Carol Eron Rizzoli (The House at Royal Oak: Starting Over & Rebuilding a Life One Room at a Time)
The Story of the Moon Once, night, unchallenged, extended its dark grace across the sky. To the credit of the town, the stars at night had been enough, though sometimes the townspeople went about bumping their heads in sleep. Eventually, three brothers, traveling through a foreign town, found an evening that did not disappear behind the mountains, for a shining globe sat in an oak tree. The brothers stopped. That one is the moon, said a man from the foreign town. The brothers conferred. They could make a certain use of it. The brothers stole the moon down and put it in their wagon. Seized it. Thieved its silver. Altogether greedy. The wagon shining brights. At home: the moon delivered. Then, celebration: dancing in red coats on the meadow. Number four brother smiling wide. The moon installed--it extended its silver calculations.

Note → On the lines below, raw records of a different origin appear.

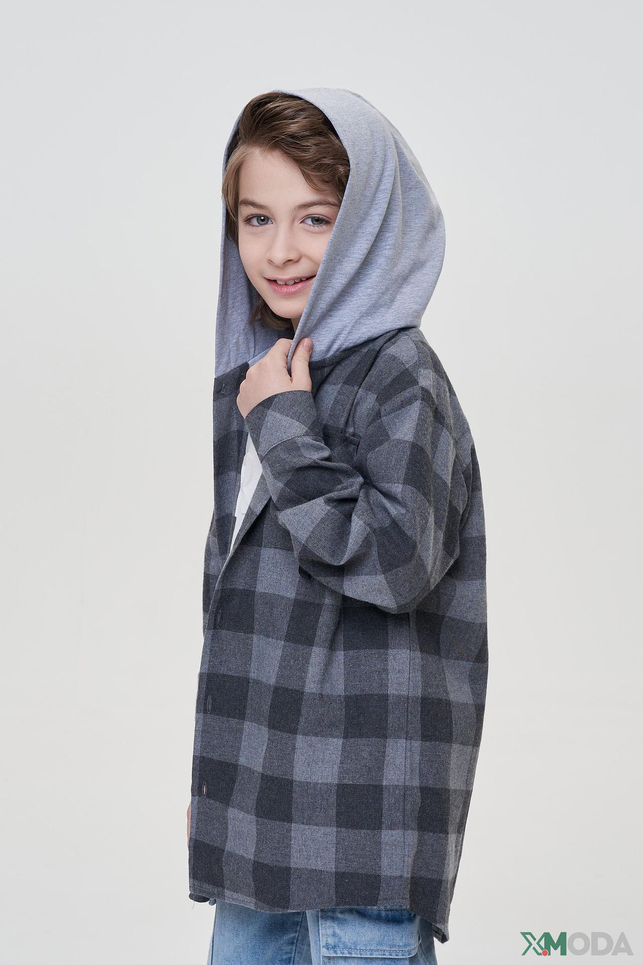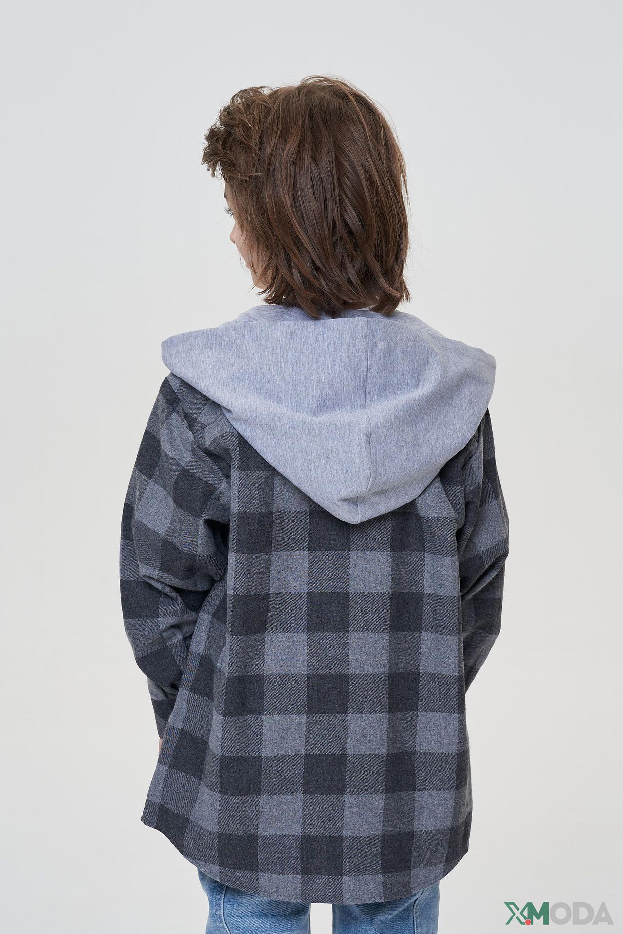 Рубашка-куртка Choupette серая в клетку с капюшоном для мальчика
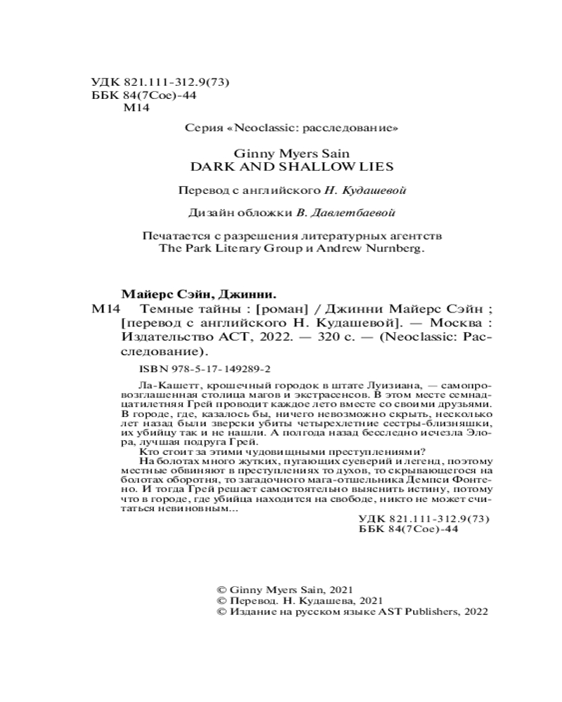 💳 Оплатить за товар можно при получении 🇰🇿 Есть бесплатная доставка по Казахстану от 1 дня 🎁 Копите бонусы с каждой покупки Серия: Neoclassic: Расследование Ла-Кашетт, крошечный городок в штате Луизиана, — самопровозглашенная столица магов и экстрасенсов. В этом месте семнадцатилетняя Грей проводит каждое лето вместе со своими друзьями. В городе, где, казалось бы, ничего невозможно скрыть, несколько лет назад были зверски убиты четырехлетние сестры-близняшки, их убийцу так и не нашли. А полгода назад бесследно исчезла Элора, лучшая подруга Грей. |
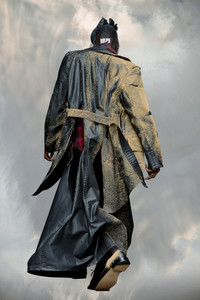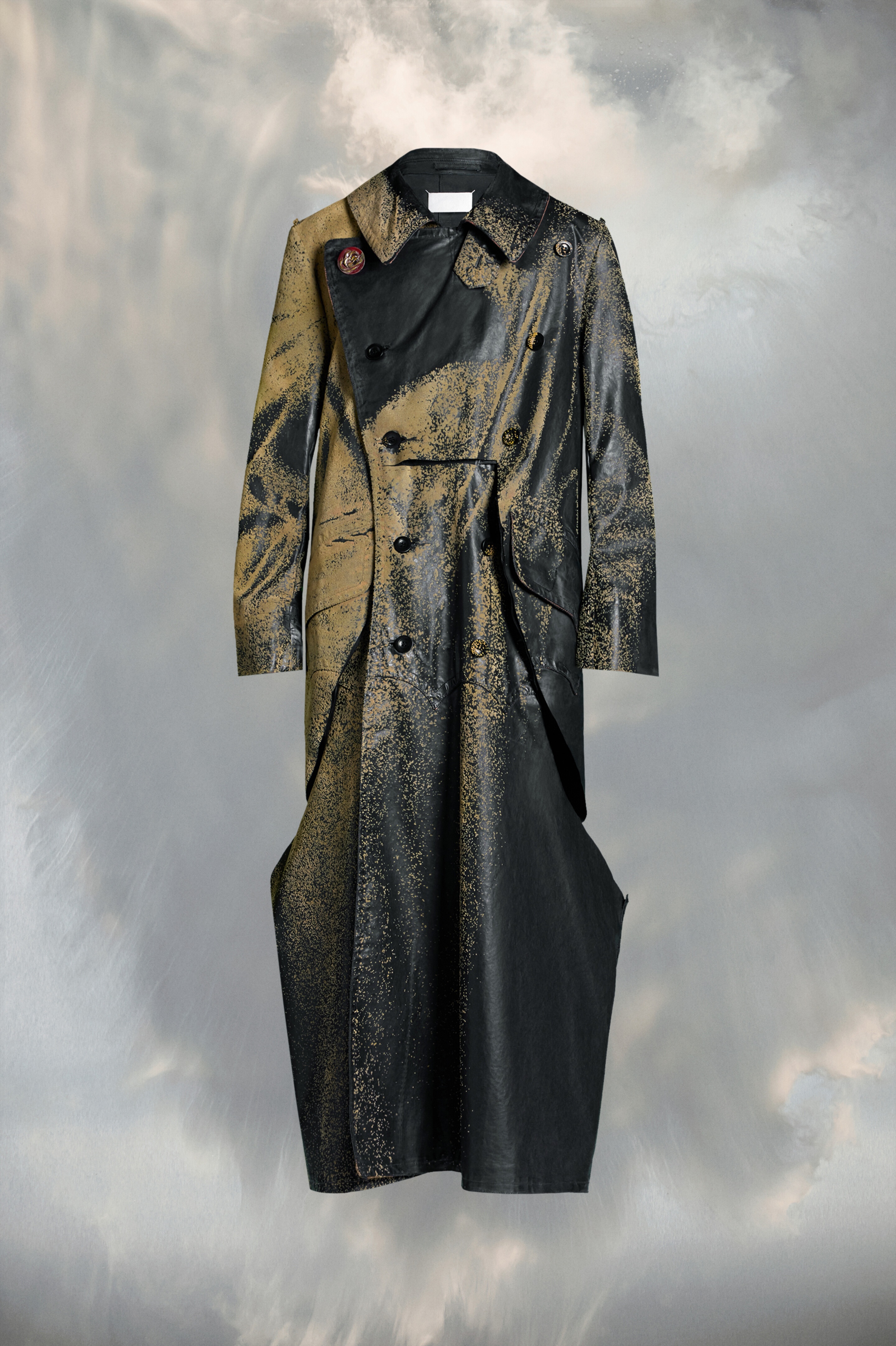 The coat in rubberized cotton is finished with Sandstorming, a technique which conjures the effect of a sandstorm on the fabric as surface decoration. The trench coat with cut-out sides and worn-out details, is double-breasted with a waistbelt and collar. A reference to the Maison Margiela Artisanal 2022 romantic tale that influenced this collection, set in the Arizona desert. Maison Margiela’s signature, the Four stitches, appear at the back; the opposite of a label. Product Details Item ID S29AH0172S48398900 COED Fall Winter 2023 Composition: 100% Rubberized cotton Coating: 100% Flocking Pocket lining: 100% Cotton Application: 100% Calf leather Double-breasted Sandstorm flocking Worn out details Cut out details Adjustable belt with leather buckle Flap pockets Four stitchesat the back Made in Italy Model is 6'2" tall and wears a size 40.
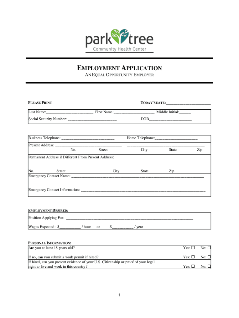 EMPLOYMENT APPLICATION AN EQUAL OPPORTUNITY EMPLOYERTODAYS DATE:___PLEASE Print Name:___ First Name:___ Middle Initial:___ Social Security Number: ___DOB___Business Telephone: ___Home Telephone:___Present
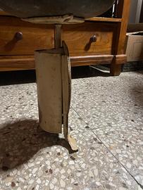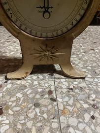 ANTICA BILANCIA DA CUCINA FINE 1800. Frontale in ghisa piatto in ferro cassa posteriore in ferro battuto meccanismi in ferro battuto molle in ferro barra dentata in ottone movimento meccanico funzionante sotto piatto anch’esso in ghisa sul laterale della bilancia un oggetto veramente antico e nonostante i suoi tanti anni con il suo invecchiamento rimane un oggetto affascinante
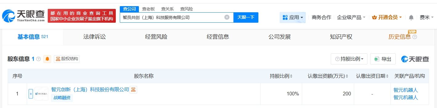 天眼查工商信息显示,3月9日,智员共创(上海)科技服务有限公司成立,法定代表人为邓泰华,注册资本200万人民币,经营范围包括企业管理咨询、劳务服务、信息技术咨询服务等。股东信息显示,该公司由智元机器人关联公司智元创新(上海)科技股份有限公司全资持股。

Time and more time. The brothers aged, took sick, petitioned the town that each quarter of the moon, as it was their property, be portioned out to share their graves. Done, and the light of the moon diminished in fractions. They had extinguished it, part for part, and night, unimpeded, fell. Altogether lanternless. The people were silent. The dark rang loud. Underground: cold blazing. The dead woke, shivering in the light. Some went out to play and dance, others hastened to the taverns to drink, quarrel, and brawl. Noise and more noise. Noise up to heaven. Saint Peter took his red horse through the gates and came down. The moon, for the third time, taken. The dead bidden back into their graves. One wonders why a story like this exists.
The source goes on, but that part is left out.